A4 Holding
- Native name: A4 Holding S.p.A.
- Formerly: Serenissima Group
- Type: subsidiary of a listed company
- Founded: June 1952
- Headquarters: Verona, Italy
- Key people: Attilio Schneck (chairman); Giulio Burchi (CEO); Flavio Tosi (director); Maurizio Pagani (general director);
- Revenue: ▼€559,241,763 (2015)
- Operating income: ▼€79,241,040 (2015)
- Net income: ▲€42,451,005 (2015)
- Total assets: ▲€1,749,109,885 (2015)
- Total equity: ▲€648,443,861 (2015)
- Owner: Abertis (51.3964%)
- Parent: Abertis
- Subsidiaries: Autostrada Brescia Verona Vicenza Padova; Serenissima Partecipazioni; Serenissima Mobilità; Serenissima Costruzioni;
- Website: a4holding.it

= A4 Holding =

A4 Holding S.p.A. known as Gruppo A4 Holding (previously as Serenissima Group), is an Italian holding company based in Verona, Veneto region. The company owned Autostrada Brescia Verona Vicenza Padova (100%), the operator of Brescia–Padua section of Autostrada A4 and Autostrada A31 (Rovigo via Vicenza to Piovene Rocchette), as well as an equity interests in Autostrada del Brennero, the operator of Autostrada A22 (Modena to Brenner Pass; 4.2327% stake via Serenissima Partecipazioni which A4 Holding owned 99.999% stake) and Autostrade Lombarde, the parent company of the operator of Autostrada A35 (Brescia to Milan; 4.90% stake via Autostrada Brescia–Padova).

==History==
Autostrada Brescia Verona Vicenza Padova (P.IVA 00212330237; Verona CCIAA: 57409/1952) was the operator of Brescia–Padua section of Autostrada A4 and Autostrada A31. On 6 December 2011, the company was renamed to A4 Holding S.p.A., with a new subsidiary (P.IVA 03614140238; Verona CCIAA: 0350682) owned the concession to operate the toll road, effectively spin off the function of holding company from the operator.

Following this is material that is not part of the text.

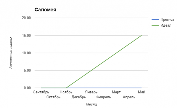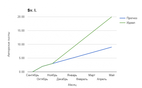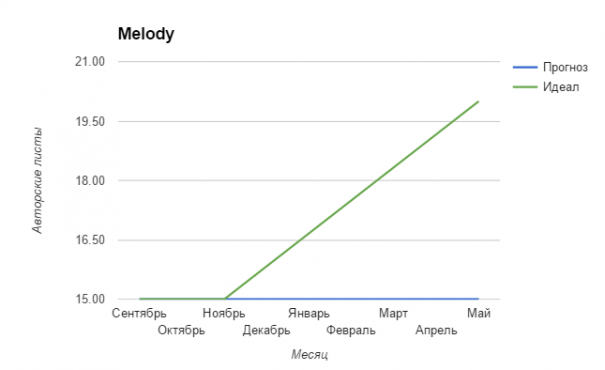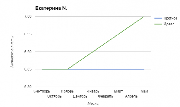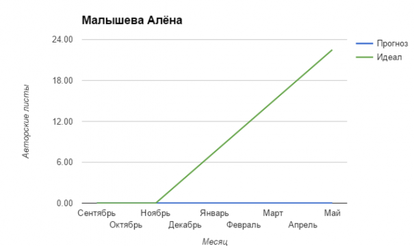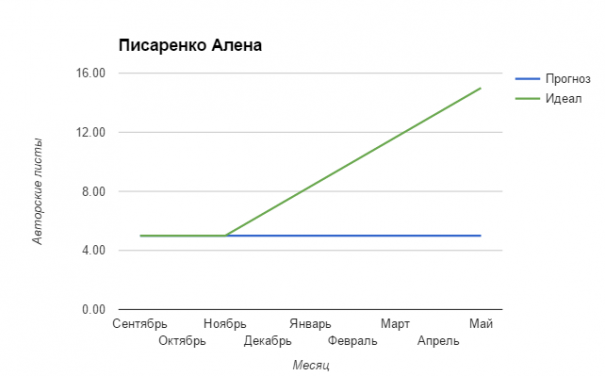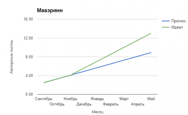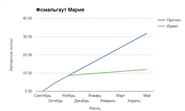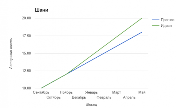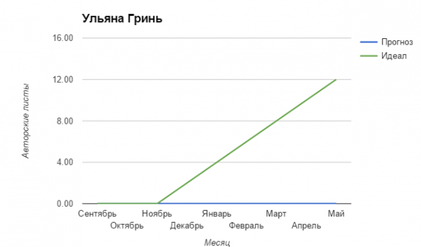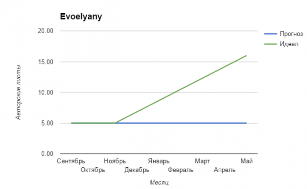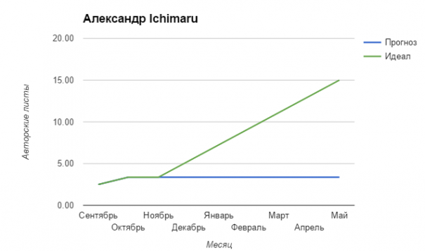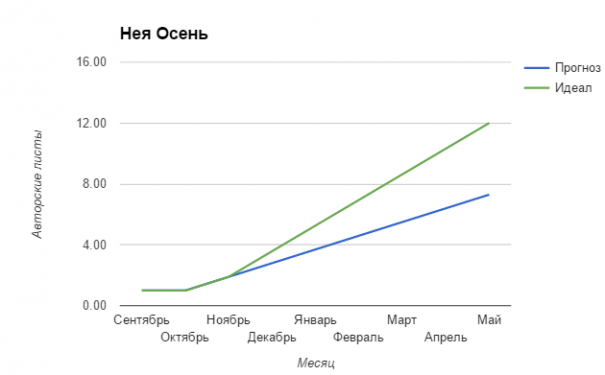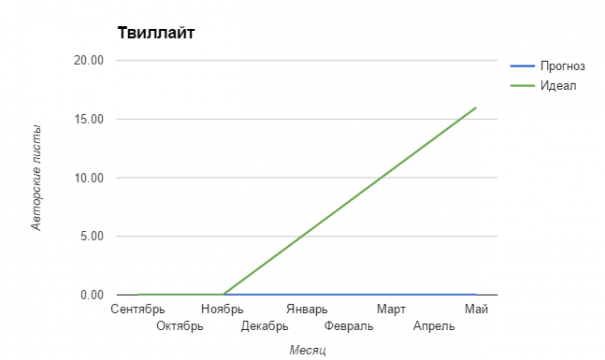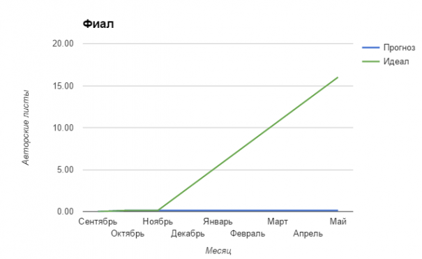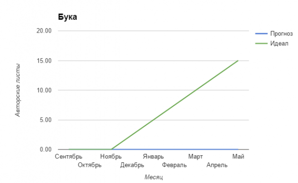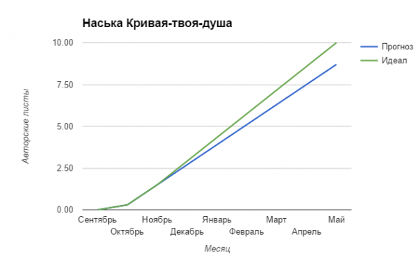 Вторая картинка — это то, как будут развиваться события, если вы сохраните текущую скорость работы над чистовиком — зеленая линия (черновик тут не учитывается, потому что читателям нужен чистовик, как ни крути). Синяя линия — это как в идеале нужно бы писать, чтобы равномерно дойти от стартового объема чистовика до желаемого общего объема.

The concession of Autostrada A31 was originally expired on 30 June 2013, which was agreed in 1999, after that the company started to construct the extension from Vicenza to Rovigo in the south in 2005. The concession was challenged by the European Commission in 2004. The European Court of Justice ruled that Italy failed to fulfill the obligations under European Council Directive 93/37/EEC. On 3 October 2006 Italian Decree-Law 262/2006 was announced, which amended the power of ANAS (both operator and regulator of Italian toll roads) in order to comply with EU rule. On 12 October European Commission sent a formal notice (applying Article 258 of TFEU) to Italy regarding the issue (infringement procedure N° 2006/4378). In July 2007 the concession was extended to 31 December 2026, applying Decree-Law 262/2006. The concession was confirmed by Decree-Law 59/2008 and Law 101/2008, despite the status of the infringement procedure. On 8 October 2009 European Council closed the case.

==Shareholders==
The company was a subsidiary of a consortium led by Intesa Sanpaolo. The bank had a controlling voting rights (65.92%) in Re.Consult Infrastrutture, the direct parent company of A4 Holding (R.C.I., via three companies Investire nelle Infrastrutture (IN.FRA), Compagnia Italiana Finanziaria (CIF) and Iniziative Logistiche, the latter two Intesa Sanpaolo owned 63.78% stake and 60.02% stake respectively); R.C.I. owned 44.8530% stake in A4 Holding as at 31 December 2014, (which received about 5% shares from CIF circa 2013) Intesa had an additional 6.5433% stake in A4 Holding, held directly by banking subsidiary Equiter (as at 31 December 2014, a wholly owned subsidiary of Intesa). Astaldi was the minority shareholders of R.C.I. (31.85% via wholly owned subsidiary Astaldi Concessioni), which the construction company merged its subsidiary A.I.2 S.r.l. (the holder of the equity interests in A4 Holding) into R.C.I. on 1 January 2014. Infrastrutture CIS (InfraCIS) was a minority owner of CIF (8.33%) and Iniziative Logistiche (8.97%), which in turn Primo Fondo Italiano per le Infrastrutture and Cassa del Trentino were the minority owners of InfraCIS. The last two shareholders of CIF were 2G Investimenti (Giuliano and Guglielmo Tabacchi) and Esperia Servizi Fiduciari (subsidiary of Banca Esperia). Intesa Sanpaolo acquired the shares of R.C.I., CIF and Iniziative Logistiche in year 2010 due to the collapse of the business empire of Mario Rino Gambari, which the shares were collaterals to the bank. The shares of CIF and Iniziative Logistiche held by 2G Investimenti were also pledged to Intesa Sanpaolo in year 2011. Lastly, Infragruppo, a company that A4 Holding had a significant stake (49.01%), the bank also had a 21.71% stake as at 31 December 2009, as well as had a significant loan to the company. In 2011 Infragruppo was merged into Serenissima Partecipazioni, which A4 Holding increased it stake to 99.999%, the minority interests and the loan previously held by bank was repaid via the capital increase of A4 Holding, by the bank and other shareholders.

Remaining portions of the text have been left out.